▶ Source material
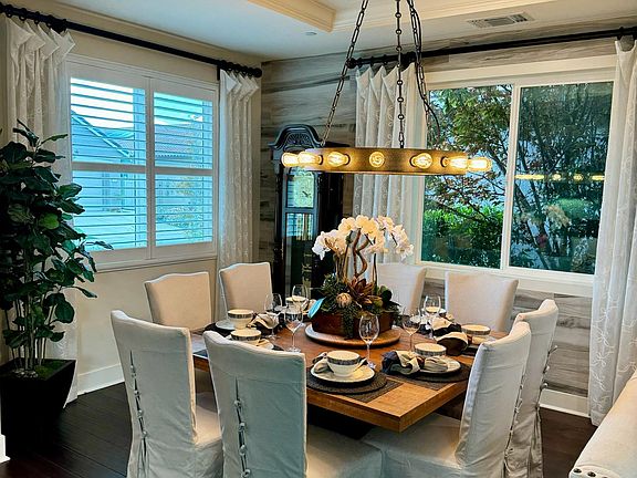 - Large 8-person dining table and custom cove ceiling in dining room
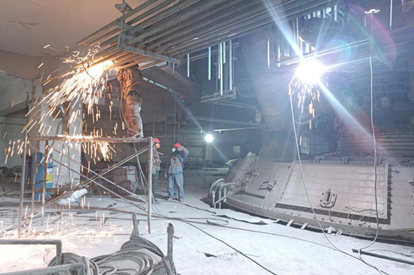 在檢修現(xiàn)場,我們的檢修工人身系安全帶,手拿焊鉗,蹲在狹小的空間,焊接水管,耗時耗力,唯有飛濺如麥穗的焊花展現(xiàn)著他們的顏色,魚骨似的焊縫是他們驕傲的成果。同時在檢修過程中也伴隨著灰塵飛揚和各種安全隱患,但在我們檢修工人的臉上沒有看見沮喪的表情,看到的是檢修工人汗水浸透的后背,沒有休憩,只有投入;看到的是檢修工人一張張布滿灰塵的臉頰,沒有怨言,只有投入。在這里你可以看到那一個個無比堅毅的目光,感受到他們內心滿滿的自信和他們愛崗敬業(yè)、無私奉獻、不畏艱辛的精神;他們攜手共進、分工合理、工作有序,只為創(chuàng)造安全的檢修環(huán)境;他們?yōu)樘崆巴瓿蓹z修任務加班到深夜,工作時間長、工作量大,不辭辛勞,沒有任何怨言,充分展現(xiàn)了“團結、拼搏”的企業(yè)精神。
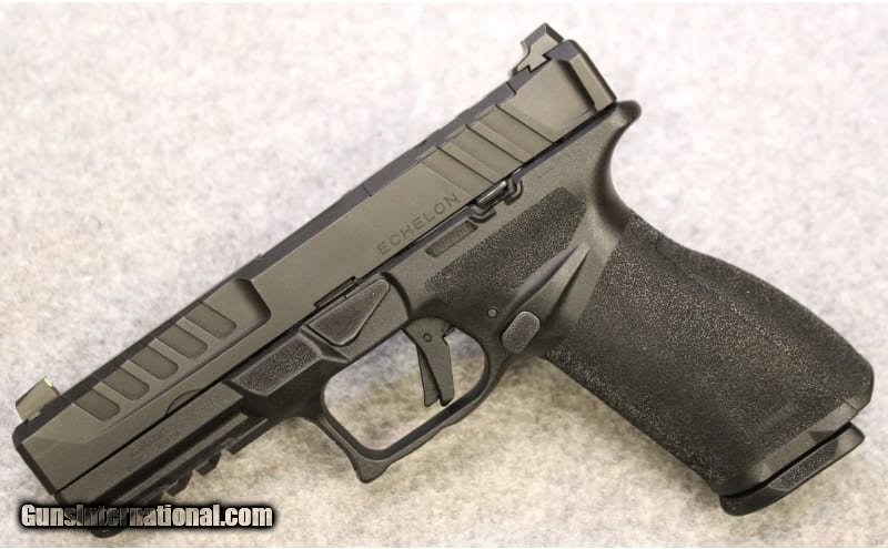 Description: This Springfield Armory Echelon chambered in 9MM features, black finish, polymer frame, ambidextrous slide release, night sights, two stage trigger safety, accessory rail, and optic ready. 9mm Luger SOLD Metal Condition: Great Bore Condition: Bright Barrels: 4.25 inches Weight: 1.6 lbs. Item Location: Hoffman Estates, IL |
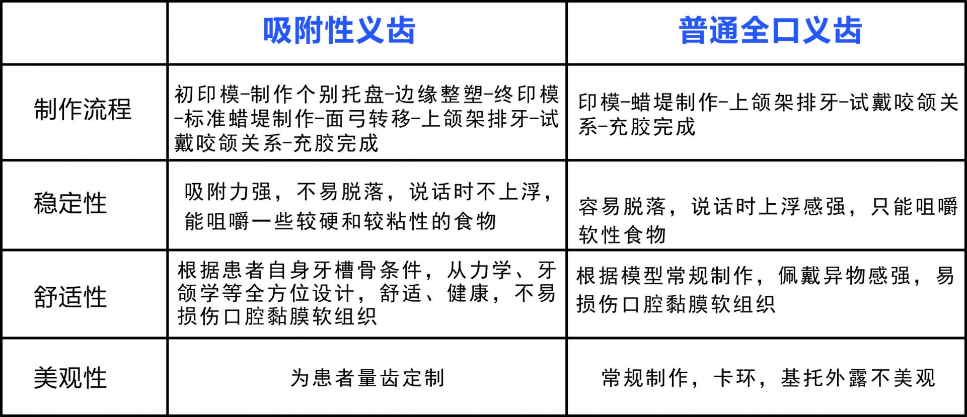 穩(wěn)定牢固,對(duì)于無牙頜患者,吸附性義齒吸附力強(qiáng),較普通活動(dòng)義齒穩(wěn)定牢固、不易脫落; 適用于所有無牙頜患者人群,特別是對(duì)義齒要求比較高的人群。或自身?xiàng)l件較差的渾濁,吸附 性義齒是老年無牙頜患者的福音。

▶ The task
Transcribe everything above exactly. Do not include the pictures.

▶ Answer below
 - Large 8-person dining table and custom cove ceiling in dining room
 在檢修現(xiàn)場,我們的檢修工人身系安全帶,手拿焊鉗,蹲在狹小的空間,焊接水管,耗時耗力,唯有飛濺如麥穗的焊花展現(xiàn)著他們的顏色,魚骨似的焊縫是他們驕傲的成果。同時在檢修過程中也伴隨著灰塵飛揚和各種安全隱患,但在我們檢修工人的臉上沒有看見沮喪的表情,看到的是檢修工人汗水浸透的后背,沒有休憩,只有投入;看到的是檢修工人一張張布滿灰塵的臉頰,沒有怨言,只有投入。在這里你可以看到那一個個無比堅毅的目光,感受到他們內心滿滿的自信和他們愛崗敬業(yè)、無私奉獻、不畏艱辛的精神;他們攜手共進、分工合理、工作有序,只為創(chuàng)造安全的檢修環(huán)境;他們?yōu)樘崆巴瓿蓹z修任務加班到深夜,工作時間長、工作量大,不辭辛勞,沒有任何怨言,充分展現(xiàn)了“團結、拼搏”的企業(yè)精神。
 Description: This Springfield Armory Echelon chambered in 9MM features, black finish, polymer frame, ambidextrous slide release, night sights, two stage trigger safety, accessory rail, and optic ready. 9mm Luger SOLD Metal Condition: Great Bore Condition: Bright Barrels: 4.25 inches Weight: 1.6 lbs. Item Location: Hoffman Estates, IL |
 穩(wěn)定牢固,對(duì)于無牙頜患者,吸附性義齒吸附力強(qiáng),較普通活動(dòng)義齒穩(wěn)定牢固、不易脫落; 適用于所有無牙頜患者人群,特別是對(duì)義齒要求比較高的人群。或自身?xiàng)l件較差的渾濁,吸附 性義齒是老年無牙頜患者的福音。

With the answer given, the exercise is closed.